Elżbieta Bagińska – dyrektor Zespołu Szkół Mechanicznych w Łomży w latach 1996-2006

Zadecydowało głównie to, że Łomżyńskie Centrum Medyczne zostało otwarte przy ul. Makowej, a więc blisko mojego miejsca zamieszkania. Wprawdzie moje kontakty z przychodnią nie były częste – na szczęście nie jestem osobą chorowitą – ale jakieś infekcje się zdarzały, a ponadto korzystałam z badań kontrolnych. Moją lekarką rodzinną jest pani dr Ciołkowska – Olbryś. Znamy się od lat. Jest to osoba nadzwyczaj empatyczna. Już nie mówię o kwalifikacjach, bo te są przecież oczywiste. Bardzo korzystnie postrzegam nasze kontakty zdrowotno-towarzyskie nawet. Drugim lekarzem, z którym miałam dotychczas do czynienia w Centrum jest pan dr Pędziński. Za każdym razem, gdy zwracałam się z jakąkolwiek sprawą – zawsze było to natychmiast, z uśmiechem i bardzo przychylnie załatwiane. Właśnie ten uśmiech i empatia to jest to, co w pierwszej kolejności kojarzy mi się z tym Centrum. Jedyną uciążliwością było to, że bardziej kłopotliwe badania, jak rezonans czy densytometria, trzeba było robić już poza siedzibą placówki, chociaż Łomża nie jest aż taką metropolią, by mogło to nastręczać większe problemy.
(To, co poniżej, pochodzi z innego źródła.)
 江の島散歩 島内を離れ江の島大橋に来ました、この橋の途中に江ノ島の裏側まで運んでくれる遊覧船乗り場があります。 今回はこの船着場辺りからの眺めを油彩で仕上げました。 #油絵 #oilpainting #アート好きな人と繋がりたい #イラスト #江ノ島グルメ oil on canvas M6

Ale widać było od początku, że zarządcom Centrum leżało na sercu, by wszystkie poradnie były skupione w jednym miejscu, by ułatwić po prostu życie lekarzom i przede wszystkim pacjentom, bo to oni są tu najważniejsi.
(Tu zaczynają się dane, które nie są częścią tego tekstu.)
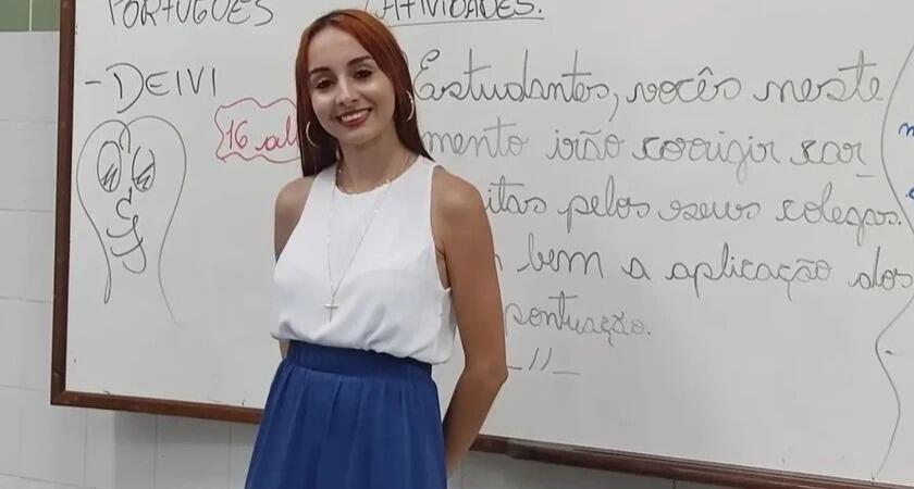 Em sua página do Instagram, a professora publicou uma foto na sala de aula com a descrição de dois versículos bíblicos:

Tak więc moje kontakty z Centrum były jak dotąd tylko bardzo pozytywne. Przypominam nawet sobie taką sytuację bardzo osobistą: moja córka studiowała w tym czasie japonistykę w Warszawie i przyjechała do domu. Nagle rozwinęła się infekcja, potrzebowałam porady i lekarstwa, tym bardziej że za tydzień wyjeżdżała na stypendium do Japonii. Córka nie była tu zarejestrowana, bez uprzedzenia wizyty  zostałyśmy przyjęte, lekarstwa córka otrzymała i mogła spokojnie wracać do Warszawy, a potem na stypendium.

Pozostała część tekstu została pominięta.